According to human behavior expert, Joseph Turner, "emotions give each alternative a value, thereby, providing a yardstick to judge and select among alternatives." In this way, customers choose products, even if unconsciously, in terms of how well they satisfy basic emotional needs, such as significance, security, identity, and so forth. I may want an economical car, but I also want one that is stylish and conveys status. Ultimately, logic helps us form initial threshold assessments, for instance, what we can and cannot afford, and, then, it is our emotional judgments that drive the final purchase decision.
What does all this mean for the business owner or sales person wishing to boost sales?
First, discover early on what motivates a customer and strive to satisfy within those parameters. Don't push a Prius when all a person wants is a Sentra. Conversely, don't be afraid to up-sell on options if you sense your customer values design or other intangibles. Communicate the emotional and material benefits offered by your products or services. Keep in mind that for many customers, a restaurant is not only a place to eat, but also a place to meet others and be seen.
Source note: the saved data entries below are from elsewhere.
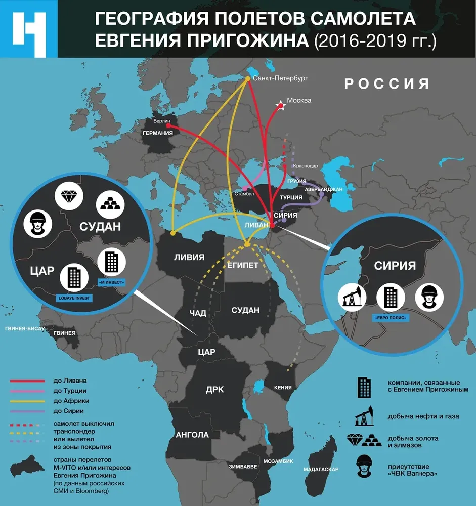 Интересы России в Африке, которые в том числе обеспечивают структуры Пригожина, по данным расследования Bloomberg, затрагивают десять африканских государств: ЦАР, Судан, Ливия, Мадагаскар, Ангола, Гвинея, Гвинея-Бисау, Мозамбик, Зимбабве и Демократическая Республика Конго. Все эти страны объединяет не только напряженная политическая обстановка (гражданские войны, военные перевороты и вооруженные конфликты), но и богатство природными ресурсами. Помимо подписания договоров о военном сотрудничестве, российские компании заключают с правительствами этих стран соглашения о разведке и добыче полезных ископаемых. Евгений Пригожин играет в этих процессах не последнюю роль.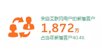 根據(jù)平安人壽發(fā)布的2017年年度披露報告顯示,在2017年,來自互聯(lián)網(wǎng)用戶的新增客戶已有1872萬人,占當(dāng)年新增客戶的40.4%。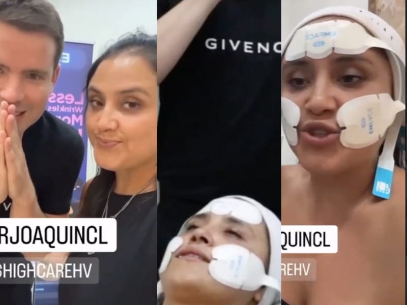 El doctor especialista estética de la Clínica HighCare, Joaquín Navarro, atendió a Leiva y entregó detalles. “La máquina trabaja con dos tecnologías, la primera que está patentada de República Checa que se llama Hifes, que es un sistema de contracción muscular, o sea activa la musculatura facial. Esta máquina trata la frente y la parte de las mejillas para hacer una elevación y aumentar el tono muscular facial y eso permite que haga un lifting”, explicó.
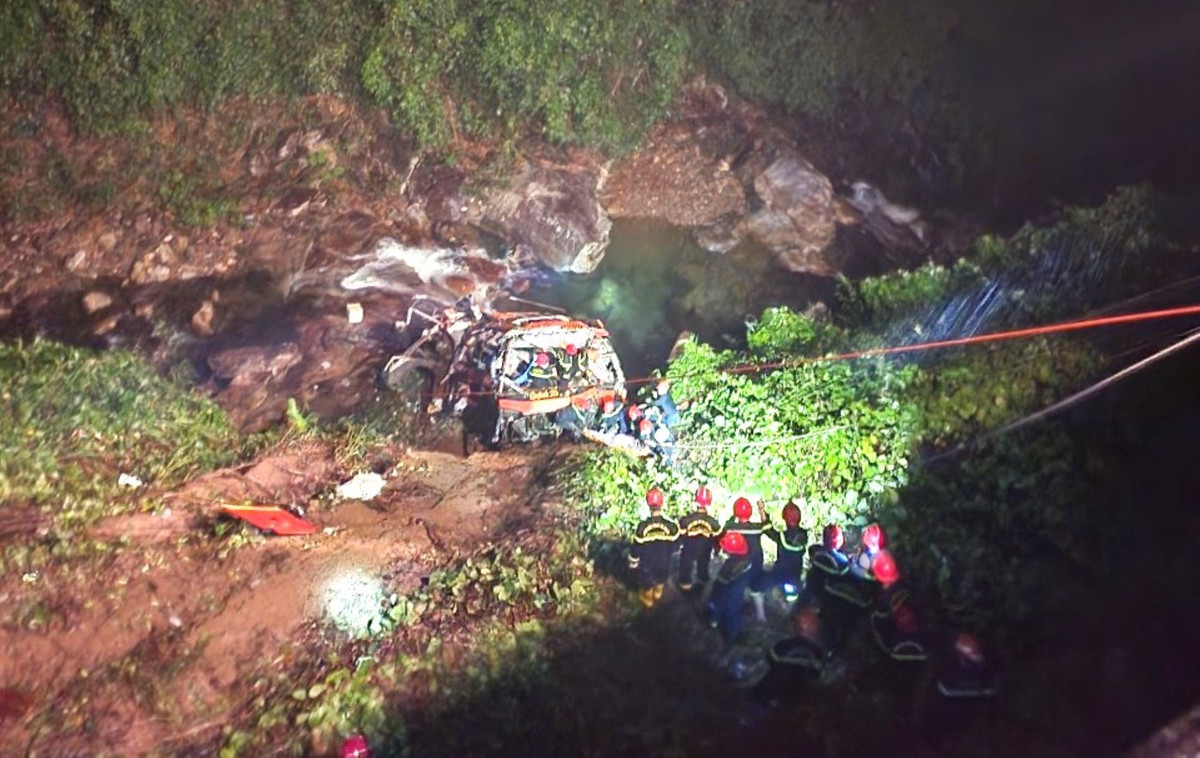 Hiện trường xe khách rơi xuống vực sâu.
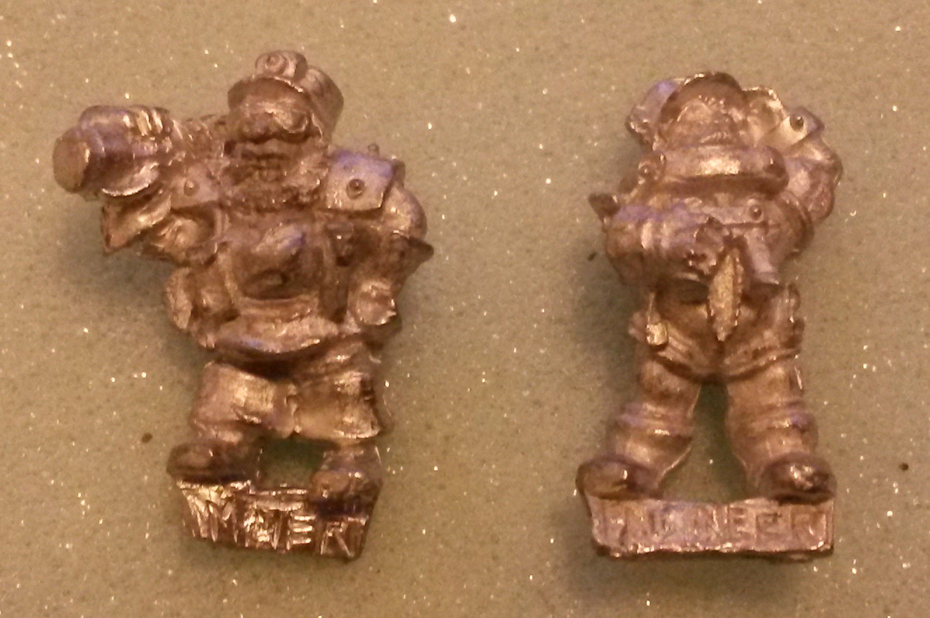 I suspect they are GW Squats from the Iron Claw Range (they have GW stamped on the tags). One is an 'Engineer' and seems to be holding some sort of binoculars. The second is probably a Mole Mortar crewman as he's holding a mole mortar shell over his shoulder. I have never seen these miniatures before. Can anyone help?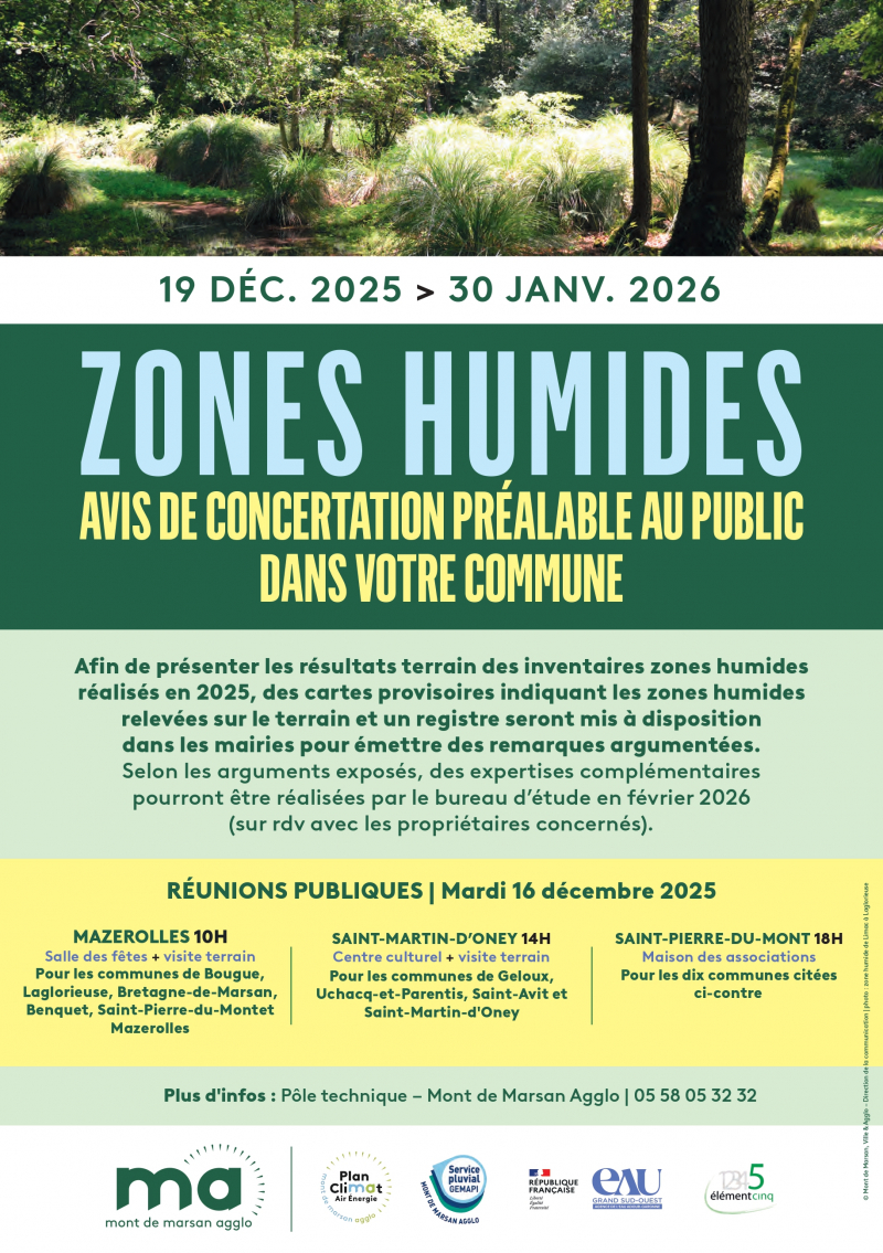 - de 10h à 12h à Mazerolles, pour les communes de Benquet, Bougue, Bretagne-de-Marsan, Laglorieuse, Saint-Pierre-du-Mont et Mazerolles ;

Second, focus on value not price. Determine the level of value a customer demands and point him/her in the direction of suitable products. If you provide services, negotiate around level and type of service, not cost.
Third, allow customers to engage your products, the earlier in the process the better. Make it simple. Let them touch, test, and experience samples. This allows them to form an emotional connection with your offerings which substantially increases the likelihood they will buy one or more of your products or services. Car dealers have known this for a long time - let someone drive a car and it increases the chances they will buy it.
But other business segments are doing it too. Online eyewear retailer Warby Parker is a great example. The company ships pairs of sample frames to interested consumers to try on, wear around for a while, and then ship them back. All this is free. Given Warby Parker's extraordinary success, this has been an incredibly effective strategy for allowing consumers to form a connection with the company's products.
If you follow these three tips - discover what motivates your customers, focus on value not price, and let your customers develop a deep connection with your product or service - you'll convert more sales conversations and develop a tribe of raving fans.